# LOST DOG - CORGI -CT and Surrounding Areas!



## Jbird (Nov 2, 2009)

Ok, guys guess what??? The dog that helped to track Andy today was a Golden Retriever!!!! Please lets hope he gets home soon!


----------



## Karen519 (Aug 21, 2006)

*Jbird*

Jbird

What a beautiful Golden you have!


----------



## Jbird (Nov 2, 2009)

bumping up for Andy.
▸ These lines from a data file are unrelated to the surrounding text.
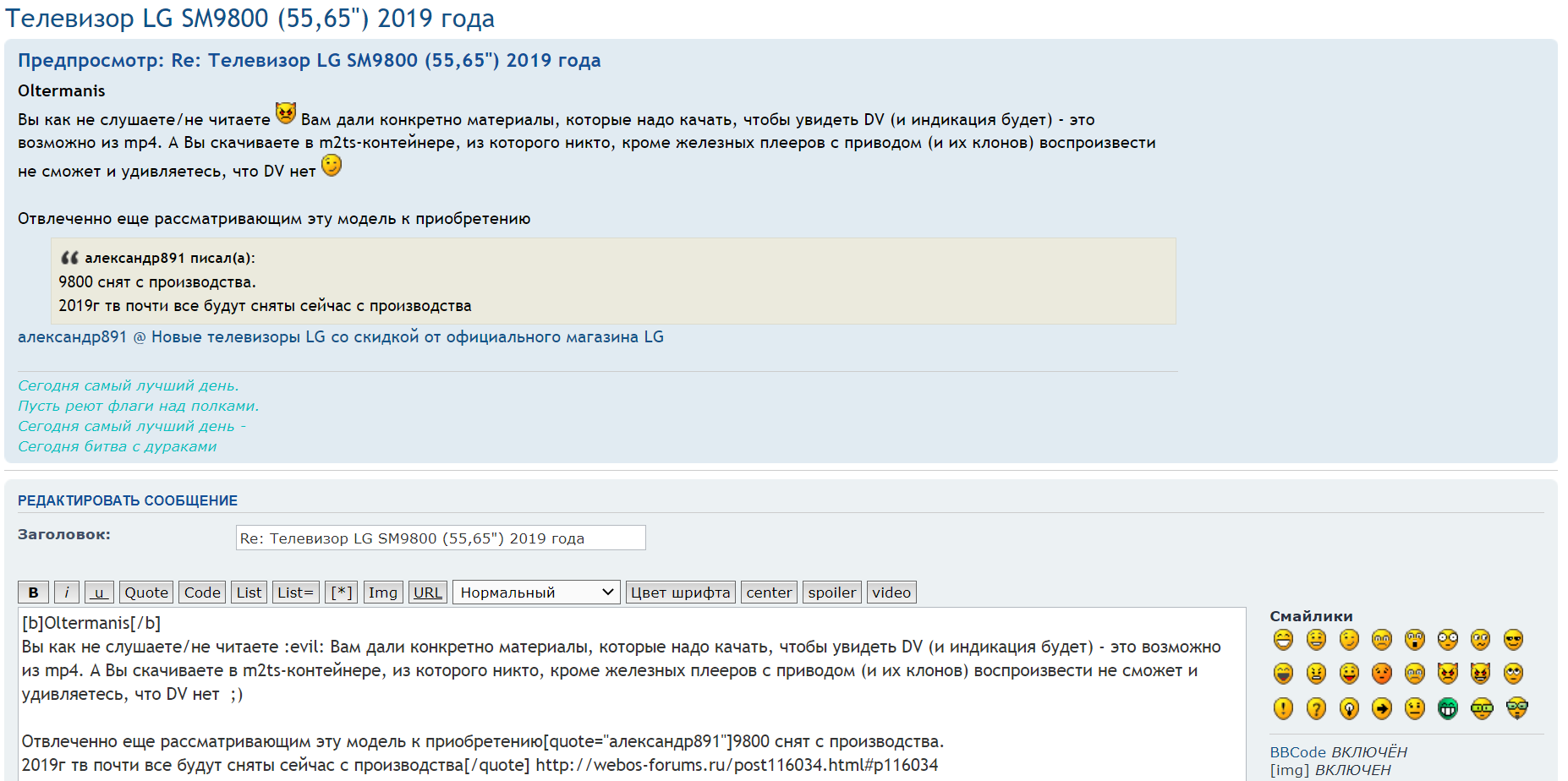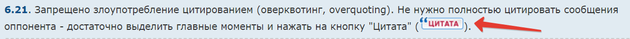 Не нужно полностью цитировать сообщения оппонента - достаточно выделить главные моменты и нажать на кнопку "Цитата".
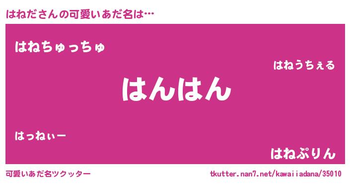 | ポケモン風あだ名 | 『ハネチュウ』『ハックウザ』 |
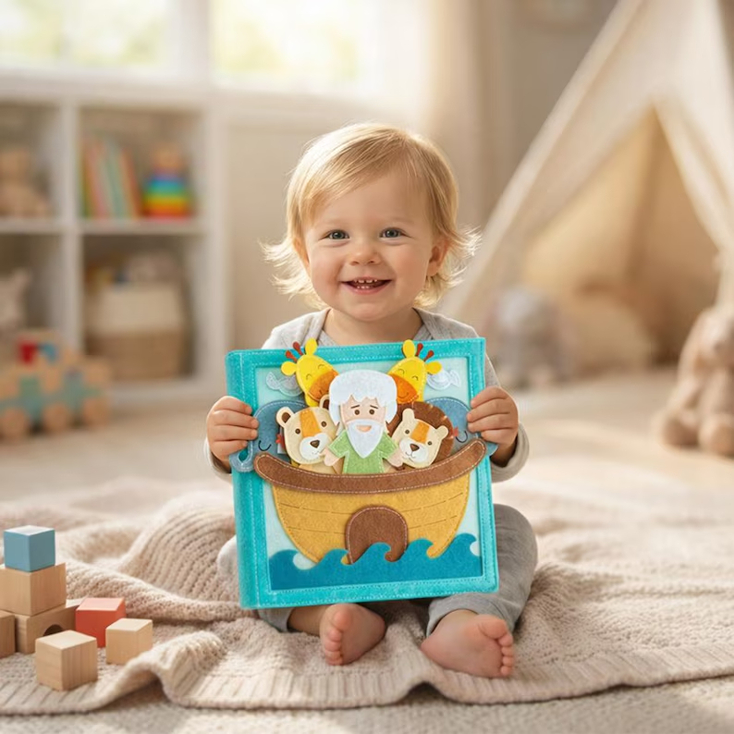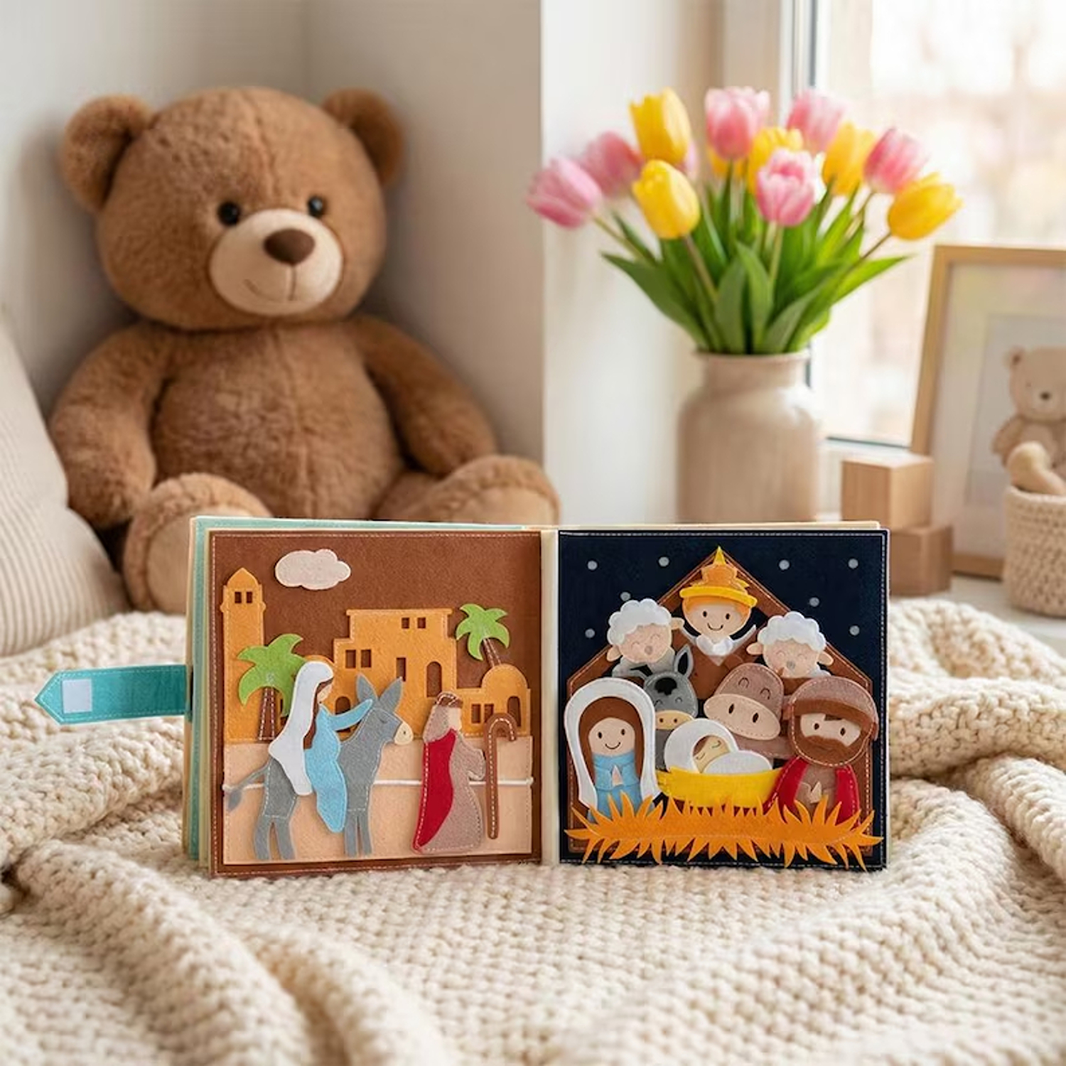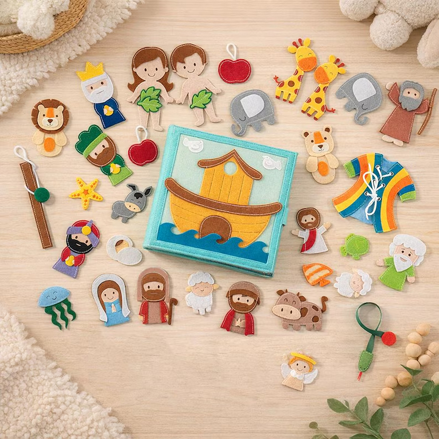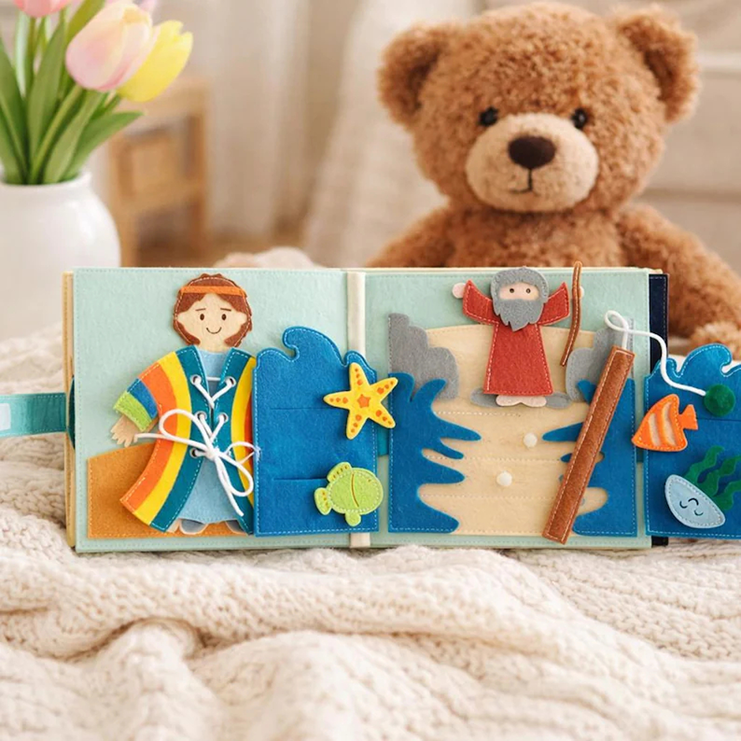 | Estilo | Libro de actividades bíblico de fieltro personalizado hecho a mano con nombre |

He is still lost.


----------



## Jbird (Nov 2, 2009)

For anyone in lower Fairfield County there has been an Andy sighting twice today in the same location by two different people!!!!

From his facebook page:

"A quick update as some people have requested-we were out posting flyers tonight by the South Norwalk Train Station-and spoke to a taxi driver, who told us when we handed him the flyer that he had seen ANDY this morning at Connecticut Avenue and Taylor.....which is the second sighting of ANDY in that location in one day-by two different people-we then went to COZMO PIZZA and left more flyers and spoke to them-they had not seen ANDY but they will keep their eyes open."

https://www.facebook.com/pages/Bring...23338351030976
Bring Andy Home


Hopefully some good news soon!


----------



## Jbird (Nov 2, 2009)

Bumping up for Andy, who we contine to hope for a happy ending soon.

Bring Andy Home


----------